# Removing Storage door on dash



## Chevyderek72 (May 16, 2011)

I'd also like to know how to remove it, I'll keep an eye on this one.

Sent from AutoGuide.com App


----------



## UpstateNYBill (Jan 14, 2012)

Did a little searching:

From another thread: Remove the two 7mm screws that hold in the tray. You have to pop off the silver trim that surrounds the radio and they're both right underneath that.

How to remove trim is below.

http://www.cruzetalk.com/forum/36-audio-electronics/5146-how-do-you-remove-trim-around-radio.html


----------



## Dale_K (Jul 16, 2011)

If you're talking about the flip-top compartment in the center of the top of the dash I can help you. Open the lid and remove the rubber pad in the bottom. That will expose 2 small hex screws (7mm, I think). Remove the two screws.

Then grab the little bar near where the latch closes and pry up.
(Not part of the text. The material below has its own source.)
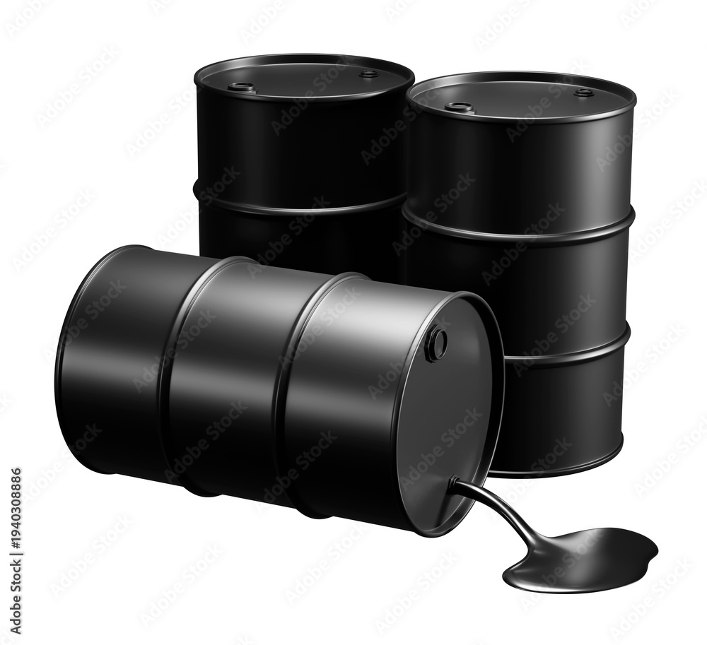 • Black oil barrels with spilled crude oil isolated on transparent background 3D render

It will take a little force. This is the side of the cubby closest to the radio display. Once you get that area loose, you lift it up about an inch and then you can pull the whole assembly rearward, away from the windshield.

It took me a little while to figure it out. At first I tried lifting at the hinge side of the cubby but that end has two tabs that go under the dash top and you can't lift that end up without breaking something. So lift the latch end first and then pull the cubby rearward to get the two tabs out.


----------



## Cruz3r (Jul 13, 2011)

Dale_K said:


> If you're talking about the flip-top compartment in the center of the top of the dash I can help you. Open the lid and remove the rubber pad in the bottom. That will expose 2 small hex screws (7mm, I think). Remove the two screws.
> 
> Then grab the little bar near where the latch closes and pry up. It will take a little force. This is the side of the cubby closest to the radio display. Once you get that area loose, you lift it up about an inch and then you can pull the whole assembly rearward, away from the windshield.
> 
> It took me a little while to figure it out. At first I tried lifting at the hinge side of the cubby but that end has two tabs that go under the dash top and you can't lift that end up without breaking something. So lift the latch end first and then pull the cubby rearward to get the two tabs out.


Yes thats what im talking about, couldnt really figure out what to call it exactly haha thanks for the help!


----------